They are like psychic bruises. They are tender and injured.
Some of them are tied to real injury, physical breaks and tears, disability. Some of them are emotional. There’s an ongoing lesson of pain. There’s the feeling of being other, less than, unworthy, defective. There’s the thoughts about how I am failing to meet the conditioned beliefs in my culture about what is beautiful, expected, celebrated, appropriate.
I am working really hard right now on radical self acceptance. I have been following thinkers and change-makers for a while, I have done research into neuroplasticity and recovery processes, and I am putting some things in motion. I have put things in motion.
The criteria for changing things varies. Like, I stopped wearing makeup. I love makeup and I used to wear it every day. I used to not leave the house unless I had makeup on. It’s that last bit that I decided to change, because that was a self-imposed restriction about what was required for me to face the world, and it inferred that I couldn’t face the world as-is. The not-leaving-the-house-without-paint was a buy-in to the conditioning, an action to reinforce this “belief” that isn’t mine – it’s the current culture.
It’s not a fault that this is my conditioning. And it’s something I can shift. I can change the choice and then see, what else changes? What shifts after this shift? (It’s interesting getting to know my naked face. And every so often I put makeup on and look at my face…and then I wash the makeup off. It’s interesting how fast I got used to walking out the door with a naked face. It’s interesting how fast I didn’t give any shits about it.)
A trickier one for me is fatness. I’m a fat woman. I’ve been various degrees of fat since my early twenties. Right now, in the range of fat bodies, I’m at the low end of medium fatness.
I got fat at a time when the western beauty aesthetic favoured a look dubbed “heroin chic”. Tall, tiny women that looked like they might blow away. So I hid my body, I wore billowing shirts and stretchy pants, and I didn’t make eye contact much. I was celibate for a long time.
And cultural conditioning said that fat was not ok, fat was despicable, fat was gross and lazy and stupid, fat was (still is) the butt of jokes. Fat wasn’t attractive or sexy. Fat wasn’t healthy. Fat wasn’t successful.
I tried things so that I could conform, or at least be a “good” fat. I restricted food as instructed by various eating plans. I pushed through multiple exercise classes a week. Bought aspirational clothing to shrink into – a nice dose of shame every time I opened my closet. Regularly talked about how fat was bad. Regularly talked about the last failure, the new resolve, the latest plan. Many different flavours of this over many many years.
It wasn’t sustainable. Food is more to me than fuel. And old injuries and chronic illness make exercise challenging. And whatever I did, whatever extreme measures I imposed, I was still fat. And when I stopped the extreme measures, whatever weight that was lost came back. Over and over and over and over and over.
Then the pandemic hit and I stayed inside and ate and drank for comfort. I stopped restricting and I stopped moving, and I only wore stretchy pants. Sometimes I would take a stupid little walk for my stupid mental health, but it wasn’t comparable to the fullness, and the stillness.
And now my blood tests show high blood sugar. Now my muscles are out of condition and I am carrying much more weight on my frame. The old injuries are difficult to manage. There’s a lot more pain. I had to buy bigger clothes.
The change: this time, when I bought clothes I chose pretty colours. I chose sizes that fit. Nothing billows except dresses that should. This time I have a bright pink bikini. I have rainbow glasses and rock band tshirts and sparkly hair clips.
The choice is to be visible. To make eye contact and to talk to people. In clothes that fit my body, with no makeup behind my kickass glasses, with no colour over my grey hair, without scraping off body hair. To be present exactly as I am.
It doesn’t feel like letting myself go, it feels like letting myself BE. It’s a big relief, frankly. I’ve regained a whole bunch of time and energy. Most of the time I feel freer, more relaxed.

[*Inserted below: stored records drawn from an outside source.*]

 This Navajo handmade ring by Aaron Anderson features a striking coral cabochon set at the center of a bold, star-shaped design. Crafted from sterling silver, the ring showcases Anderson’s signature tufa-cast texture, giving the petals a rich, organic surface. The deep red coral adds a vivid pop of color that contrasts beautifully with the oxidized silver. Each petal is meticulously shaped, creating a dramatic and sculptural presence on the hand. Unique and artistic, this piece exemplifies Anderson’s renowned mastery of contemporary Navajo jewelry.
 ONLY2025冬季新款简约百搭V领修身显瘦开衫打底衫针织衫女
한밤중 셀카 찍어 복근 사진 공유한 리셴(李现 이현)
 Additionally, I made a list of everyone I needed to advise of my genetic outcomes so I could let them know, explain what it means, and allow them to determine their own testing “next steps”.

I still have thoughts about my physical state that tell me I am “unacceptable” as I am. There are still very real physical challenges. I’m not “cured” or any other bullshit enlightenment thing.

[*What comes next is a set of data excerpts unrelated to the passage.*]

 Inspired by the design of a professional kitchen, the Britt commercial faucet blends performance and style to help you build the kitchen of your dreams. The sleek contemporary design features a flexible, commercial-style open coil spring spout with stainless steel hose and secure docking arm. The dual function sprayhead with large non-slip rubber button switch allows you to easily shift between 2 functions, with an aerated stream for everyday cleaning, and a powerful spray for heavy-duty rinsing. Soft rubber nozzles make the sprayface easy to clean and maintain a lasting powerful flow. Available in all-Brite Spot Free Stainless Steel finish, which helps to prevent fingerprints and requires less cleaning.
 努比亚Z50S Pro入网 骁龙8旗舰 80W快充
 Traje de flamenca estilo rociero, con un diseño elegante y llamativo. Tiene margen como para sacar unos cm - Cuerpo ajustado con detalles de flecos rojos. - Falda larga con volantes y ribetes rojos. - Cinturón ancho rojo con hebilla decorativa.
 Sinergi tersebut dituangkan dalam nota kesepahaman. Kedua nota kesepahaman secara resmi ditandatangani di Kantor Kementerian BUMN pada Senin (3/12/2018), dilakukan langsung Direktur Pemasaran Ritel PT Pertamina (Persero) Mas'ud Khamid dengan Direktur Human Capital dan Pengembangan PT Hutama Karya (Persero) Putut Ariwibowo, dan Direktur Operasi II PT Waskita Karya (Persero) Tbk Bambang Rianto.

And I’m choosing actions that are accepting of myself, right now. And the more I act this way, the more it IS this way. And feeling like I’m acceptable is changing other stuff – the words I choose, the conversations, the relationships – they’re different too. It’s like easing up on the judgement & criticism garbage has unclenched a bunch of psychic muscles in spasm. The weak spots don’t feel quite so tender, you know?